Students with interests in artificial intelligence, navigation,
path planning, simulation, machine vision, sensor fusion, control,
mechanism design and power systems, are encouraged to enroll.
Individuals will gain an understanding of the complexities of
integrating systems within a robot, and approaches that mitigate
the difficulties, in a learn-through-doing environment.
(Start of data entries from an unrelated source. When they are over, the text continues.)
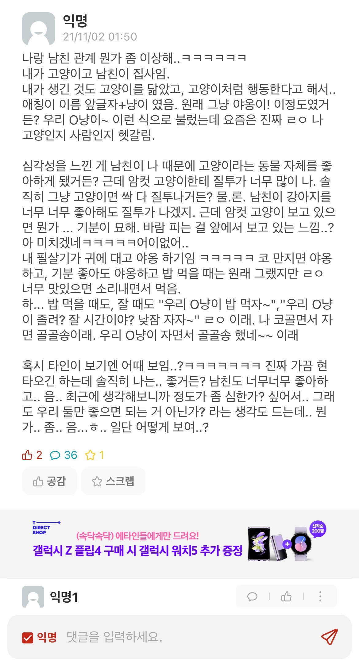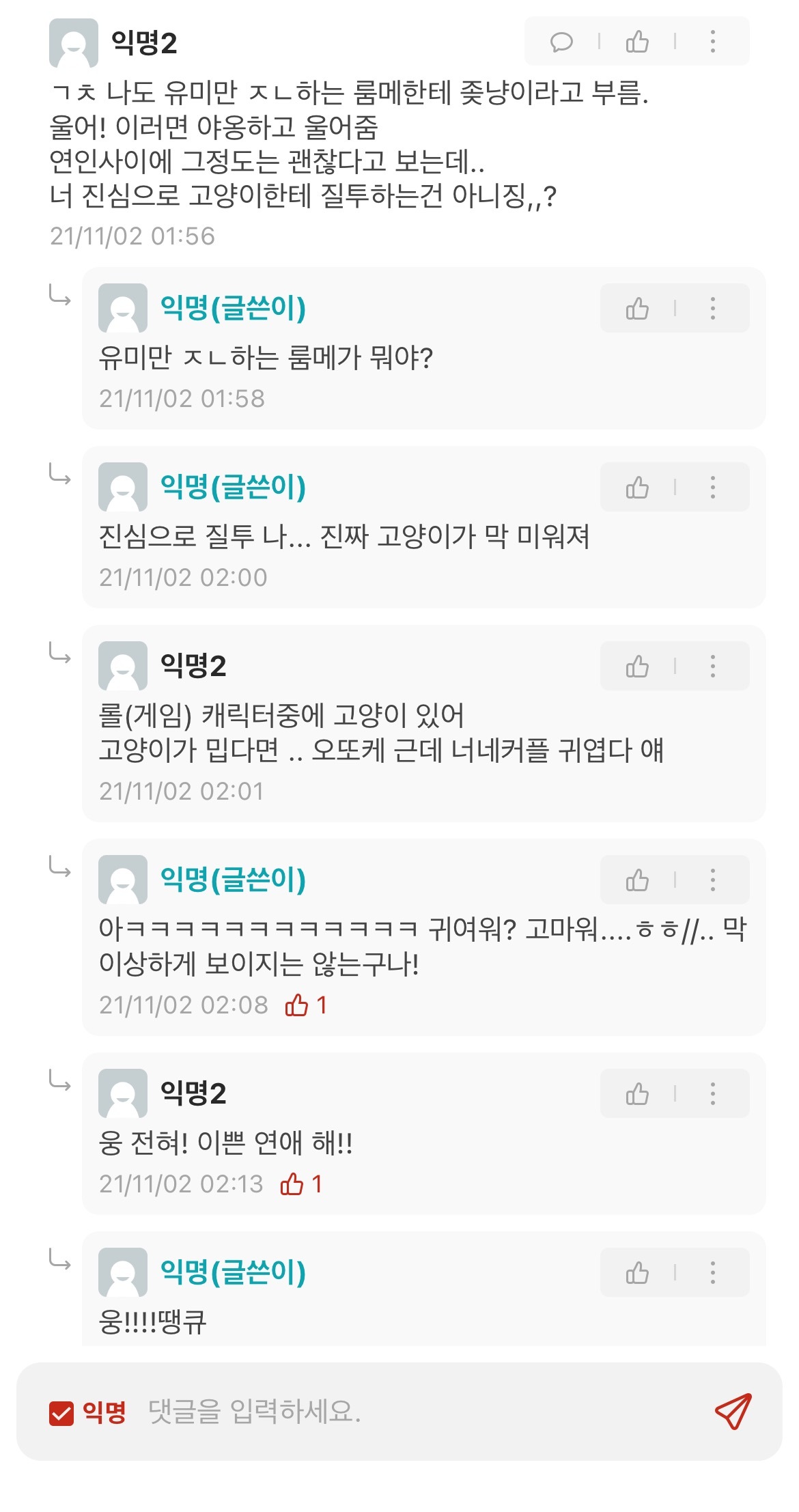[기타]고양이한테 진심으로 질투하는 사람 작성자YESEYESEE|작성시간22.08.18|조회수3,190 목록 댓글 46 글자크기 작게가 글자크기 크게가 하다하다 고양이를 질투하네… 다음검색 현재 게시글 추가 기능 열기 북마크 공유하기 신고 센터로 신고 댓글 댓글 46 댓글쓰기 답글쓰기 댓글 리스트 작성자always awake | 작성시간 22.08.18 징그러.... 작성자xiaxiaxia1215 | 작성시간 22.08.18 우엑 작성자bubblebubble | 작성시간 22.08.18 진지하게 역겹고 괴기함 작성자바람 | 작성시간 22.08.19 와우 작성자더마비바디로션션 | 작성시간 22.08.19 뭔 미친; 댓글 전체보기
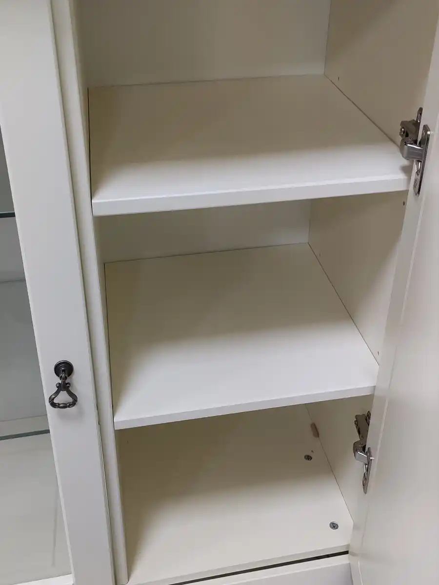 - Отделение с фасадом со стеклом → за ним 2 стеклянные полки на равном расстоянии
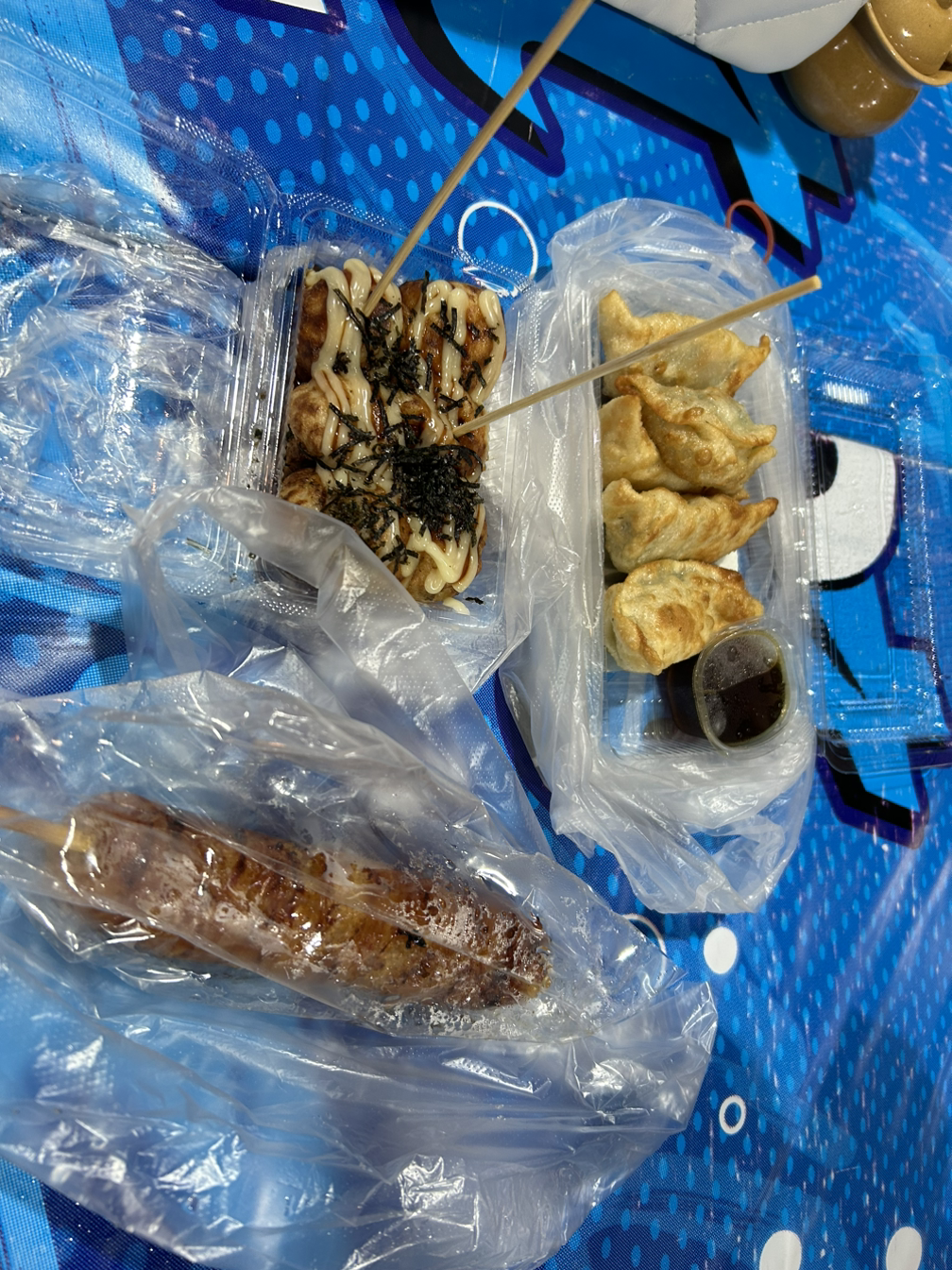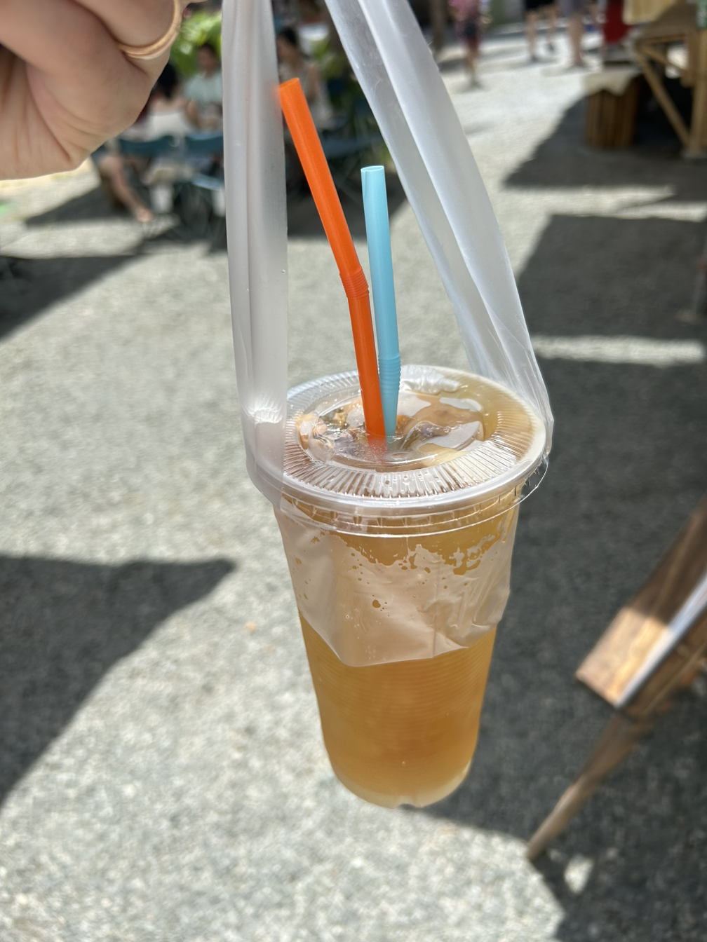 언니와 먹고 싶은 음식들을 여러 개 구매해서 식당으로 들어가기로 했다. 식당에서 메인 음식 한 개를 시키고, 시원한 맥주를 마시면서 사 온 음식들을 먹자고 했다. 음식 부스 양 옆으로는 다양한 메뉴를 판매하는 식당들이 많았다. 우리는 어디로 들어갈까 어물쩡거리고 있는데 저 멀리서 누가 웃으면서 다가왔다.
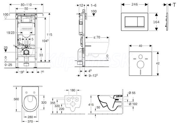 - predstenový inštalačný modul Geberit Duofix (111.355.00.5), sa splachovacou nádržkou pod omietku Sigma 12 cm
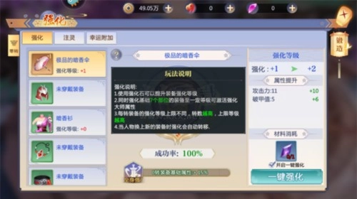 使用强化石可以提升装备强化等级,同时强化基础7个部位的装备至一定等级可激活强化大师属性。每转装备的强化等级上限不同,转数越高,上限等级越高,当人物换上新的装备时强化会自动转移。
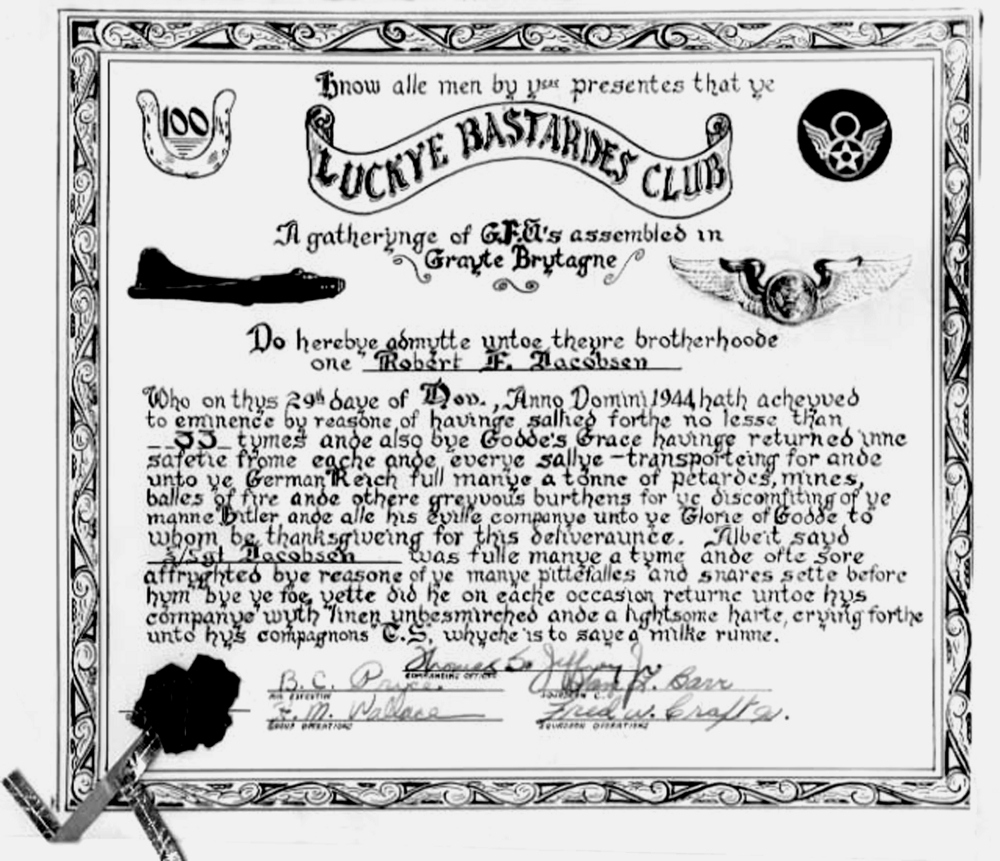 You're right Ian on both counts. When my American students complained because I was working them too hard I used to tell them to go down to Bob's shop in Northfield and ask him what he was doing when he was their age. They were astounded when I told them. I never got the full story of why he did so many, I have an idea that it was something to do with the big losses the 100th Bomber Group were experiencing. They kept the experienced crews on and I have the certificate that his mates gave him after 33 missions. I'll post it for you.

Interested students may wish to contact Chris Urmson @
curmson@ri.cmu.edu or x88098.
http://www.cs.cmu.edu/~illah/rix62.html
16-862 / 16-362
Introduction to Mobile Robot Programming
12
This course is a complete, hands-on introduction to Mobile Robot
Programming. Using six Nomad Scout robots and portable computers,
we will survey topics ranging from low-level control and obstacle
avoidance, including PID control, to high-level navigation,
planning, robot-robot communication and cooperation.
16-863 / 16-363
Advanced Mobile Robot Programming
12
Advanced Mobile Robot Programming is an advanced research and
development course for graduates of 16362 and 16862. In this
class, teams of students conduct research and prototype working
robot architectures that are research-quality. The best robot
systems are generally demonstrated at the National Conference on
Artificial Intelligence.
16-864
Humanoids
12
This seminar will discuss both virtual and robotic humanoids. We
will try to identify what we know about humans that can help us
program humanoids, and what we know about humanoids that will help
us understand ourselves. Readings will be drawn from a wide range
of fields.
http://www.coral.cs.cmu.edu/amrs/
16-869
Autonomous Multirobot Systems (also CS 15-889)
12
Multiple redundant robots provide more reliable solutions to
real-world tasks than a single agent because the overall system
is less sensitive to failure. Reliability is not the only benefit
multirobot systems offer; multirobot teams can provide significant
performance advantages as well. In order to realize increased
performance however, the system designer must address a number of
new challenges presented by the multirobot domain.
16-899A
Agents, Embodiment and Interaction
12
This course will deal with these and associated issues through
readings drawn from Cognitive Science, Computer Science, Artificial
Intelligence, Artificial Life, HCI, Science Studies, Cultural
Studies, Electronic Media Theory and Art Theory, by such authors
as Philip Agre, Francisco Varela, Rodney Brooks, Katherine Hayles,
Brian Winston, Kerstin Dautenhahn and others.
16-899B
Telepresence Art and Applications
10
Multidisciplinary class that explores the use and creation
of perception and control devices (telerobots) to filter a
user's relationship to an experience, whether in close or remote
locations. Such a process alters the relationship between viewer
and viewed object / event.
Includes the design and construction of tele-robotic / -presence
systems and the development of mechanical, electronic, programming,
theoretical, and aesthetic skills. Experience with electronics
and / or mechanics is desirable but not a pre-requisite, as is
familiarity with contemporary art. Class will produce art projects
as well as concepts for applied (consumer) purposes.
16-899C
Robotic Art Studio
12
Robotic Art Studio is an interdisciplinary course offered with both
Computer Science and Art numbers. It explores the use of embedded
microcontrollers and robotic technologies in programmed behaving
artworks. The class takes robotic technol ogies as its content, but
its form is based on the traditional art studio where imagination,
self discipline and self directed research are crucial skills.
16-995
Independent Study
For Robotics graduate students only.
16-997
Reading and Research
For Robotics graduate students only.